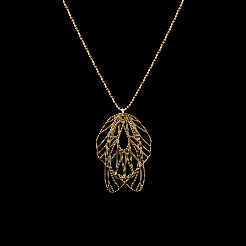 Řetízek Bělásek pozlacený z Kolekce Naturalia je vyroben z 0,3 mm plechu nerezové oceli. Subtilní kuličkový řetízek prochází kroužkem z chirurgické oceli, na kterém visí dvě křídla běláska a tvoří ornament. Kuličky řetízku mají průměr 1 mm. Přívěsek a řetízek jsou galvanicky pozlacené, velikost přívěsku 4 x 2,5 cm, délka řetízku 50, 75, 80 cm.
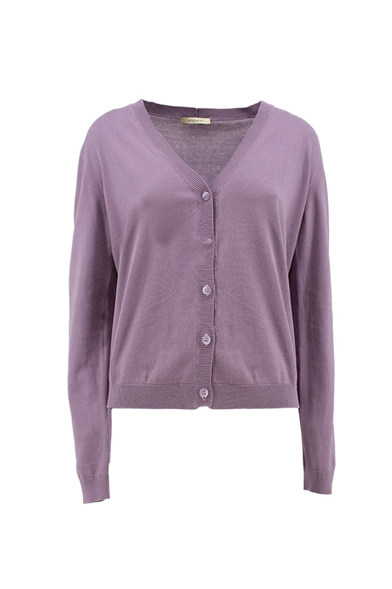 Cardigan scollo a V in cotone tinto capo, finezza 14.
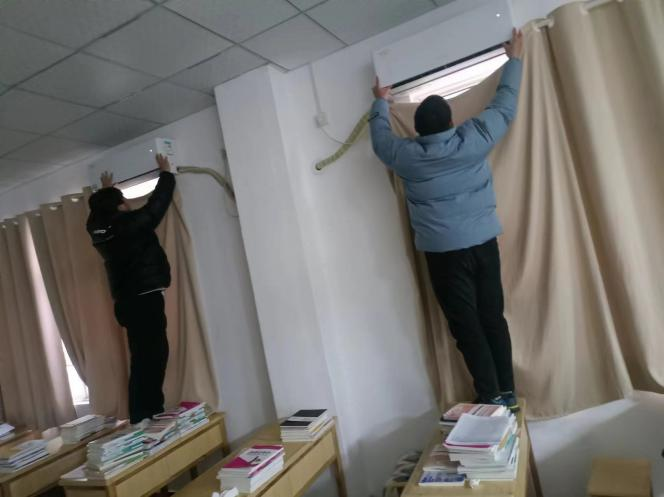 (学生会同学在为教室进行空调清洁)
#####
** What the task requires **
Would you please retype all the data exactly? Leave out whatever pictures it holds.

** Output of the exercise **
 Řetízek Bělásek pozlacený z Kolekce Naturalia je vyroben z 0,3 mm plechu nerezové oceli. Subtilní kuličkový řetízek prochází kroužkem z chirurgické oceli, na kterém visí dvě křídla běláska a tvoří ornament. Kuličky řetízku mají průměr 1 mm. Přívěsek a řetízek jsou galvanicky pozlacené, velikost přívěsku 4 x 2,5 cm, délka řetízku 50, 75, 80 cm.
 Cardigan scollo a V in cotone tinto capo, finezza 14.
 (学生会同学在为教室进行空调清洁)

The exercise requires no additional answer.